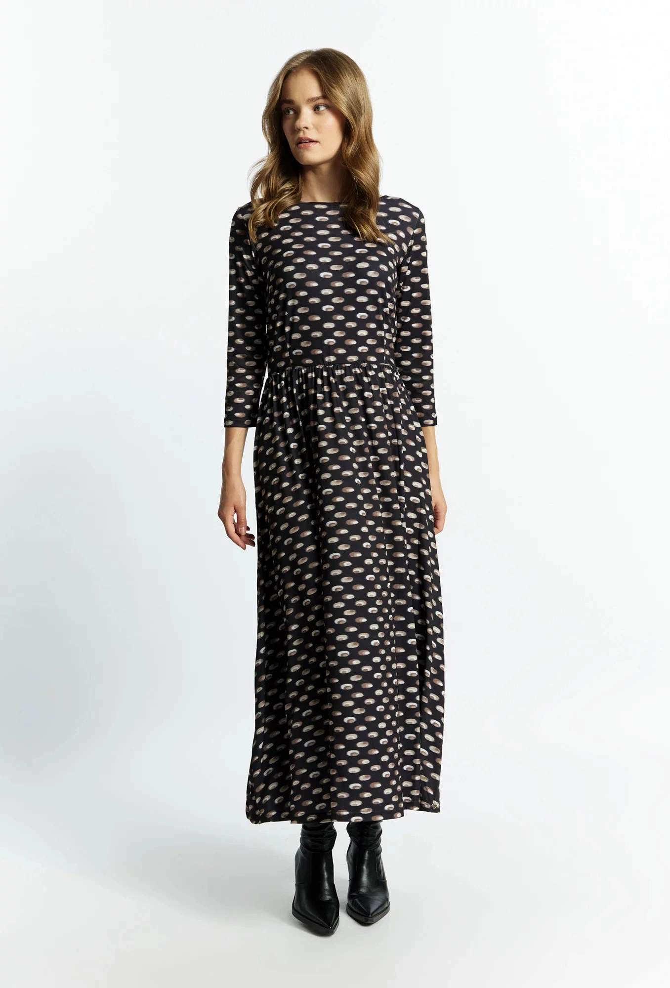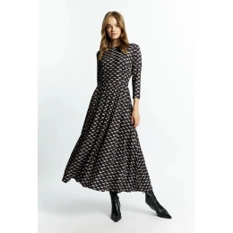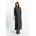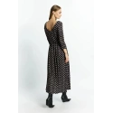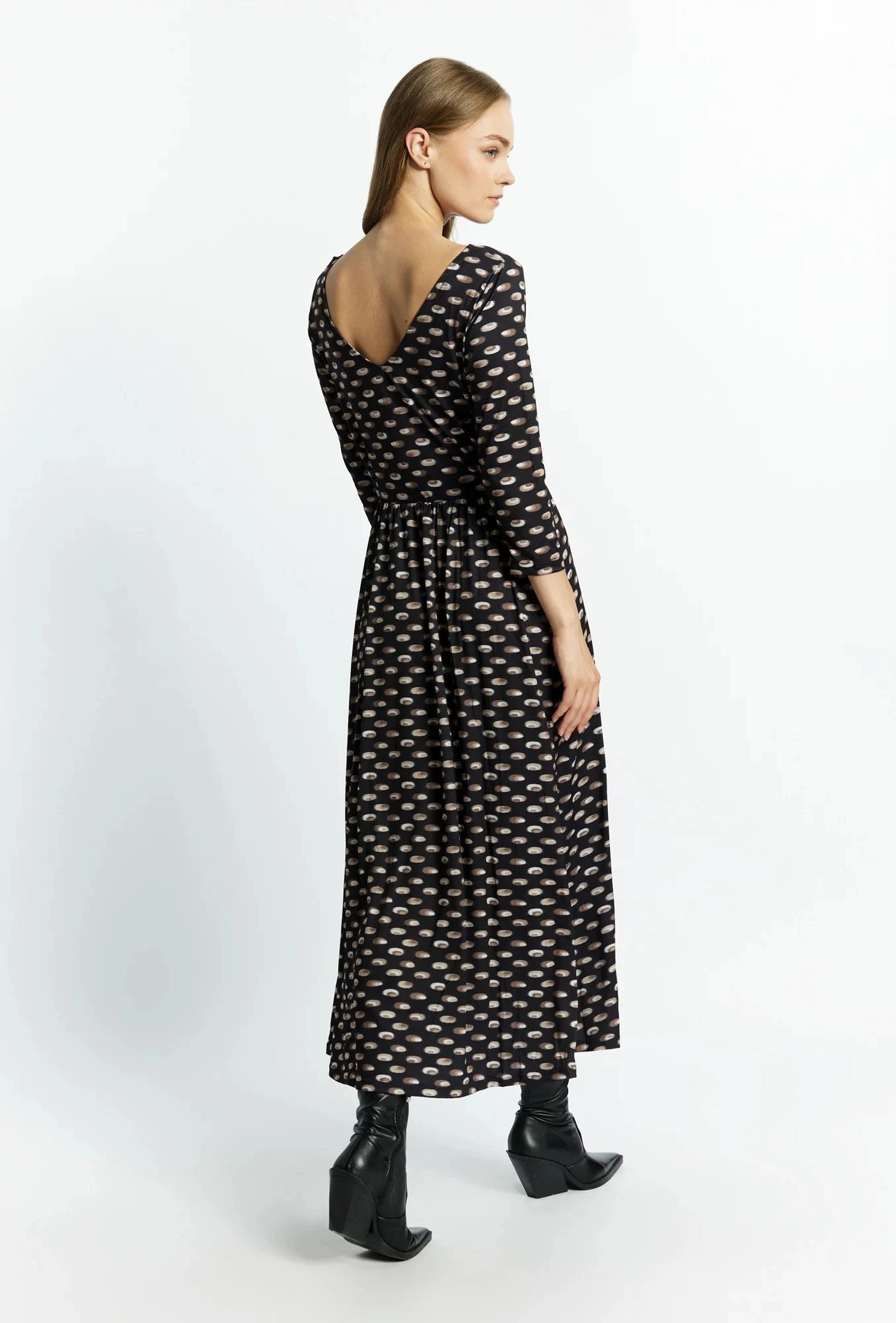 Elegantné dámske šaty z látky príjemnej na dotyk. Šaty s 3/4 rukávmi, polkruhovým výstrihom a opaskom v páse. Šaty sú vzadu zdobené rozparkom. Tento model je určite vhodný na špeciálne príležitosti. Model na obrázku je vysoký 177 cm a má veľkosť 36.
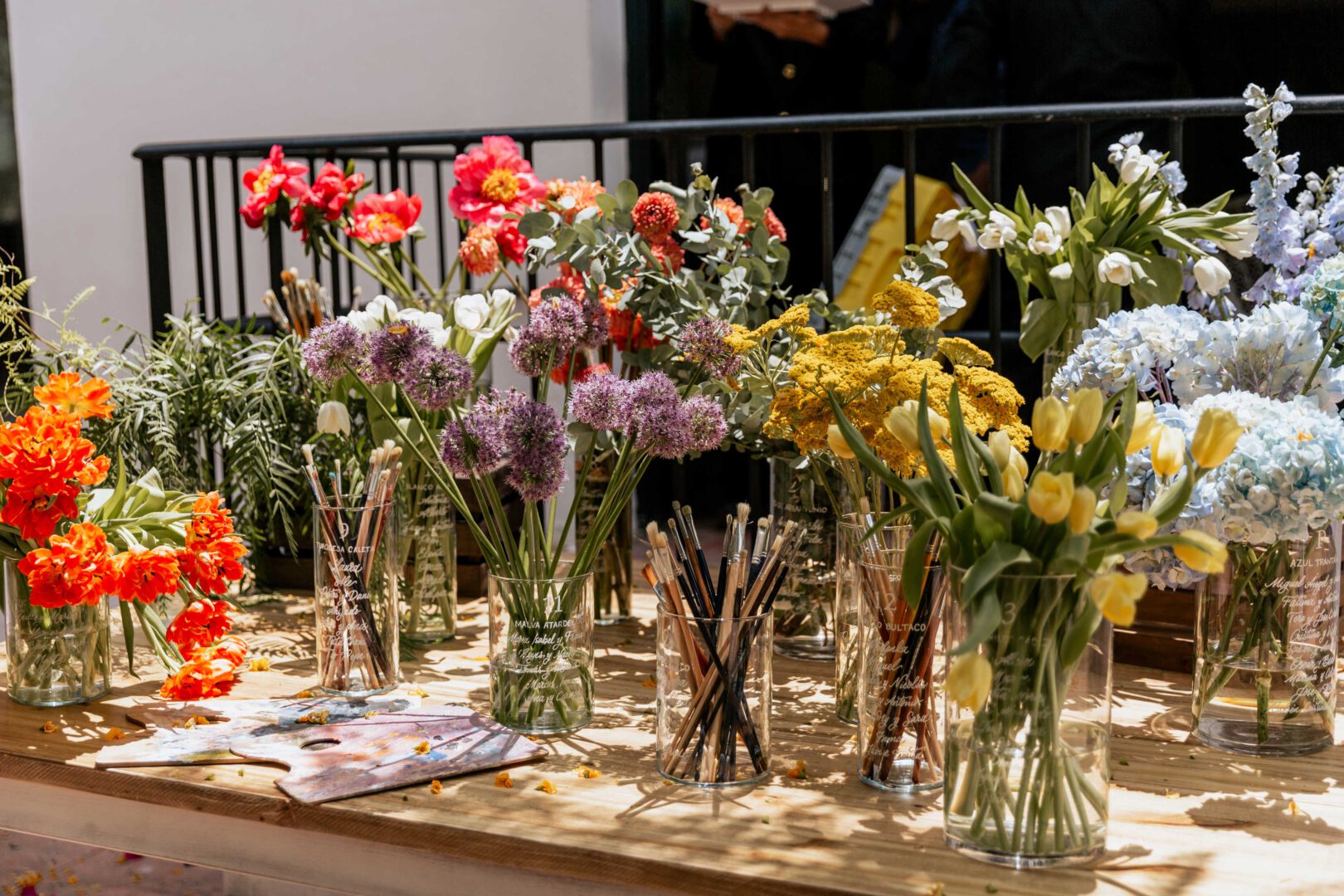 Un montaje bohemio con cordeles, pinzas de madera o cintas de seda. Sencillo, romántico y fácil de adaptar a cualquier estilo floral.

* * *

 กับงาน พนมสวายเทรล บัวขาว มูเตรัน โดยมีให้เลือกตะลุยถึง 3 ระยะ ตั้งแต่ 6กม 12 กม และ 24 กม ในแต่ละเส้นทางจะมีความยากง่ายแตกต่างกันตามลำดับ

● WHAT THE TASK ASKS: Transcribe the lines above exactly, beginning at the one with "Elegantné dámske šaty" and ending at the one with "Un montaje bohemio". Include both; exclude the pictures.

● SOLUTION FOR THIS PROBLEM:
 Elegantné dámske šaty z látky príjemnej na dotyk. Šaty s 3/4 rukávmi, polkruhovým výstrihom a opaskom v páse. Šaty sú vzadu zdobené rozparkom. Tento model je určite vhodný na špeciálne príležitosti. Model na obrázku je vysoký 177 cm a má veľkosť 36.
 Un montaje bohemio con cordeles, pinzas de madera o cintas de seda. Sencillo, romántico y fácil de adaptar a cualquier estilo floral.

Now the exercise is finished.